JTC1/SC22/WG21 N1824

n1824=05-0084 Extending Aggregate Initialization
2005-06-27

Alisdair Meredith [alisdair.meredith@uk.renaultf1.com]

Motivation
----------

Aggregate initialization is a useful feature of C and C++.  However, it comes with some restrictions that quickly limit its usefulness for C++, confuse newcomers to the language and often leads to silent undefined behaviour when the rules are broken.(1)

Some motivating examples will help the discussion

// Declare some aggregate types
struct Foo
{
  double a;
  double b;
};

struct TwoFoo
{
  Foo x;
  Foo y;
};


Foo f = { 1, 2 };
TwoFoo f2 = { 1, 2, 3 };       // f2 == {1,2} {3,0}
TwoFoo g2 = { { 1 } , 2, 3 };  // g2 == {1,0} {2,3}


This is all familiar today.
However, problems occur when you try to initialise aggregates in other contexts

struct derived : Foo
{
  TwoFoo member;

  derived();  // How can we initialize here?
};

TwoFoo test( Foo p1, Foo p2 ) // How can we call this?
{
  TwoFoo result;
  result.x = p1;
  result.y = p2;
  return  result;  // Why could I not return temporary, enabling RVO?
}


std::auto_ptr< Foo > pFoo( new Foo );  // How can I initialize this?


Note that doubles make for particularly motivating examples, as un-initialized they can easily contained trapped values such as signalling NaNs.


Possible Solutions
------------------

All these problems can be solved by defining a constructor for the aggregate classes.  However, this has several problems:

i/  The class ceases to be an aggregate, so earlier initializations fail.

And for these specific examples where all data members are also PODs

ii/ The struct is no longer compatible with C, although this can be worked around with the preprocessor.
iii/ class no longer qualifies as a POD
iv/ class no longer qualifies to be used as a union member


So we are left looking for an extension to the language that would solve these problems without breaking existing programs.  There are 3 obvious avenues to explore:

i/ Throw away the concept of aggregates, PODs etc. and find a new way to describe that part of the type system and initialization.
This is quite a radical solution, but not entirely without merit.  But there is no guarantee it will produce a better answer, and somewhat larger in scope than the problem this paper addresses.  We will put this idea on the side for now.

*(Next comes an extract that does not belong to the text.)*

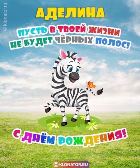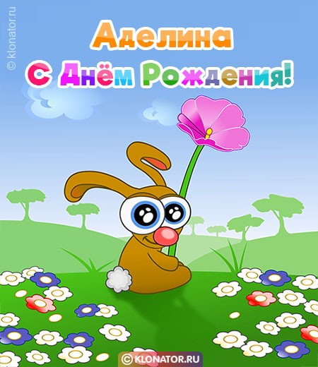Чудесные открытки и аудио поздравления для имени Аделина от веб-сайта Клонатор.ру можно молниеносно отправить на мобильный телефон в любой мессенджер: телеграмм, ватсап, вайбер. Имеются открытки для поздравления с Днём Рождения и Юбилеем: тортиками, мягкими игрушками, поздравлениями в прозе, розочками, с надписями, собачками, букетами цветов, для детей, воздушными шарами, смайликами, стихами, презентами, тюльпанами, от Ди Каприо, шоколадками, открытки от Путина, с цветами и конечно очень хорошенькие.
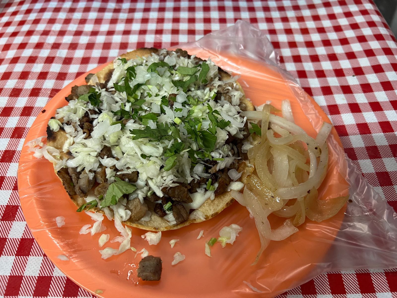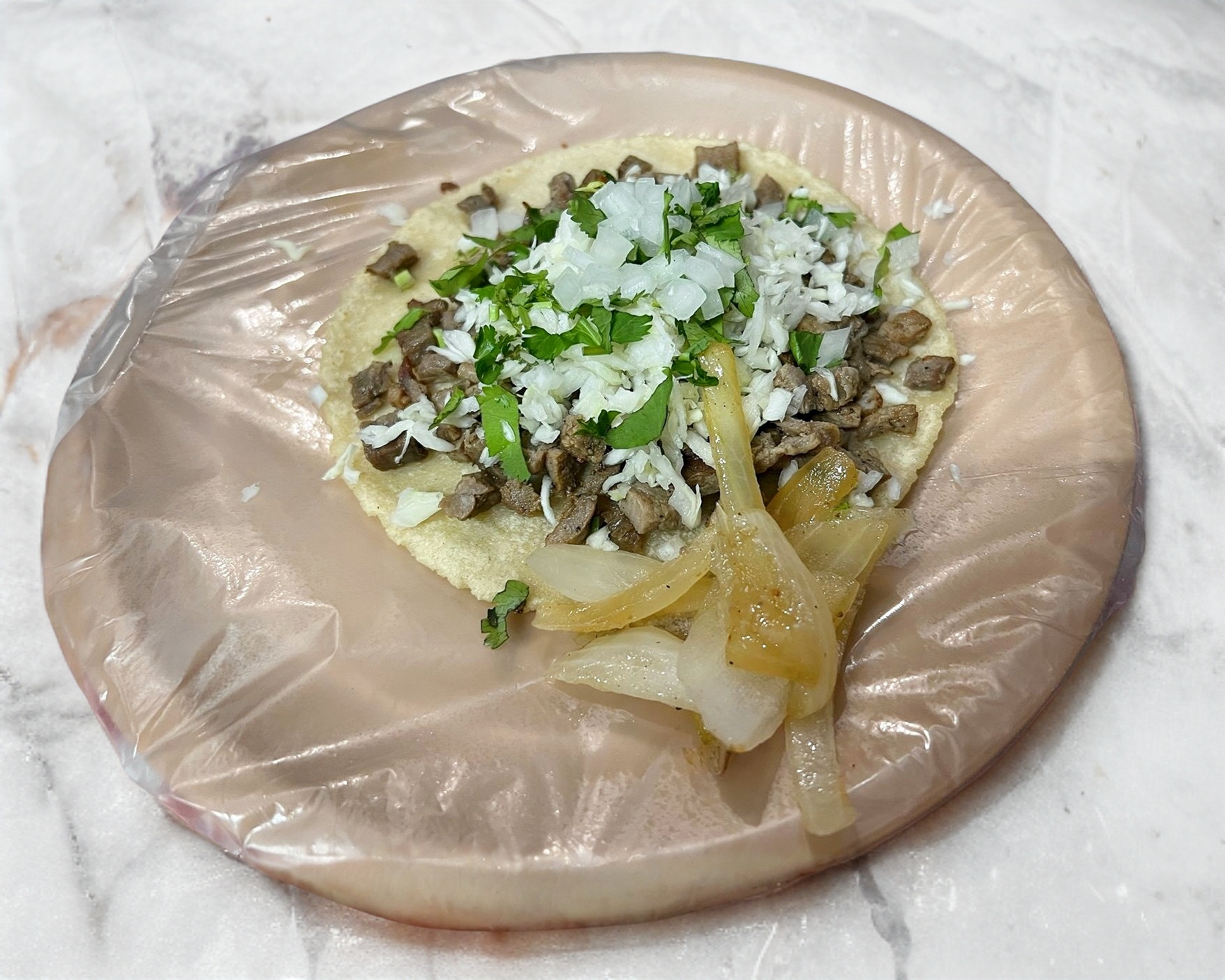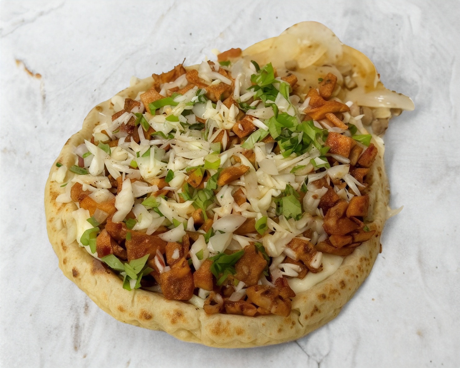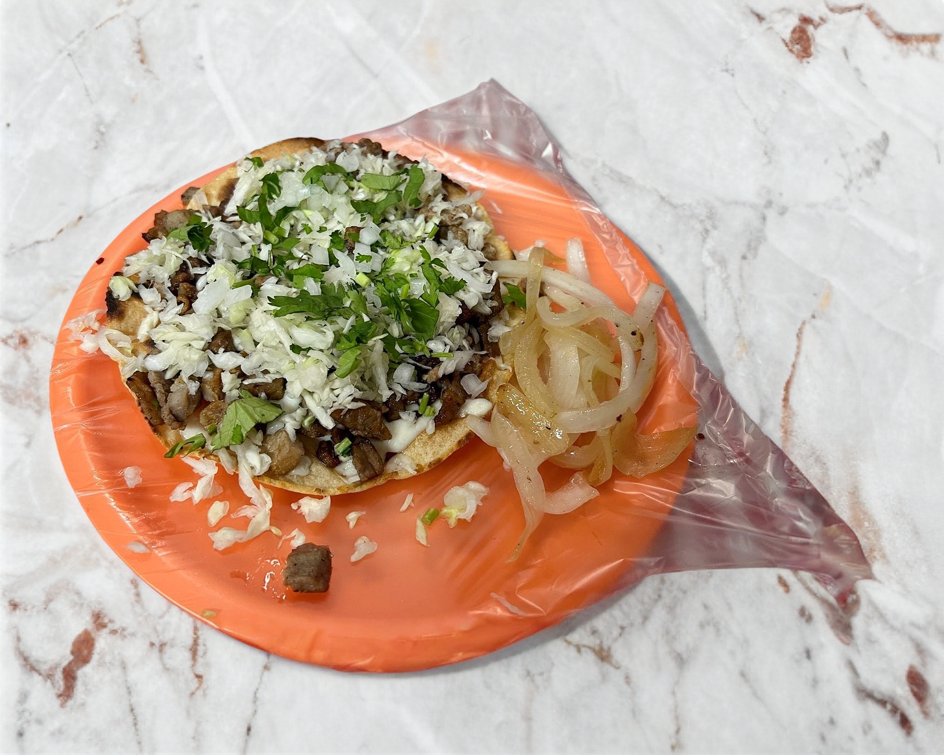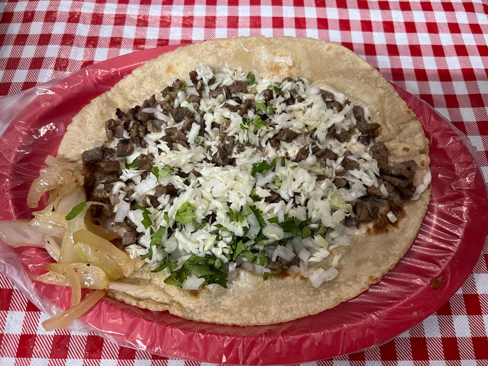Tortilla hecha a mano doradita con queso, carne asada y verdura: repollo, cilantro y cebolla. Incluye cebollita asada.

ii/ Permit constructors (with some restrictions) in aggregates / PODs / union-members
If a constructor has no side effect beyond directly initializing members, it should not cause problems for the issues that aggregates / PODs / union-membership address.  However, the constructors must be implemented inline and in the class definition, or else it would not be possible to diagnose if a class had aggregate-friendly constructors or not.  It does cause incompatibility with C.  It will also be very confusing for the non-expert why some classes with constructors can be used safely, and other can't.
It is not clear that this direction will produce fewer problems than it solves.


iii/ [The proposal] Forward 'constructor argument lists' as aggregate initializers 
One of the less well understood features of aggregates is that while they have implicitly declared default constructors, it is impossible to call them.  Aggregates are either default initialized by default initializing each member, or value initialized by value initializing each member.  Any attempt to call the constructor will result in one of the two cases above.  [Checked: This included placement new calls]

In particular, any place where the syntax appears to explicitly invoke the default constructor with an empty pair of parens, value initialization occurs which is equivalent to aggregate initialization with an empty pair of braces.  This proposal simply suggests extending the idea, so that when an aggregate is initialized with parens, the arguments are treated as if aggregate initialization had been legal and used here instead.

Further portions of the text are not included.